Before you try to control moss it is usually better to identify why moss is appearing in your lawn. Solving the reasons why moss develops in your lawn may help reduce the amount of moss that appears in subsequent years. Moss, which does not have roots, obtains its nutrients from moisture. Moss thrives in damp and shady areas. Moss will rapidly develop in lawns that have thatch. Damp thatch acts as a perfect environment for moss to develop. Compacted soil or poorly drained soil which can be a feature of heavy clay soils tends to have a damp surface that offers a perfect environment for moss spores to develop. Areas of lawn that have been scalped or areas that have thin growth will also be quickly colonised with moss.
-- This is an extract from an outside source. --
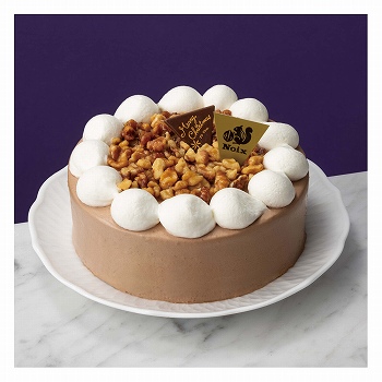 直径約12㎝×高さ約5㎝。プラリネムースを使用し、カラメリゼしたくるみをトッピングした贅沢な木の実のチョコレートケーキです。■特定原材料/卵・小麦・乳成分・くるみ ※えらべる5%オフの日クーポン対象外です

If you have compacted soil the lawn needs to be aerated regularly. Thatch will also need to be removed by scarification. Simple raking of the lawn while removing the moss will not remove the thatch. Scarification should follow an application of moss control. If you rake your lawn while the moss is still alive and green you will be spreading the moss spores across your lawn. Once Essential Lawn Care have applied moss control it should be left for two weeks until the moss has turned brown / black. We will then arrange to return to scarify and aerate your lawn.
Removing the conditions that encourage moss to develop will reduce the possibility of moss returning. However if you have a heavy soil and or shaded areas in your garden then you will always have to be vigilant.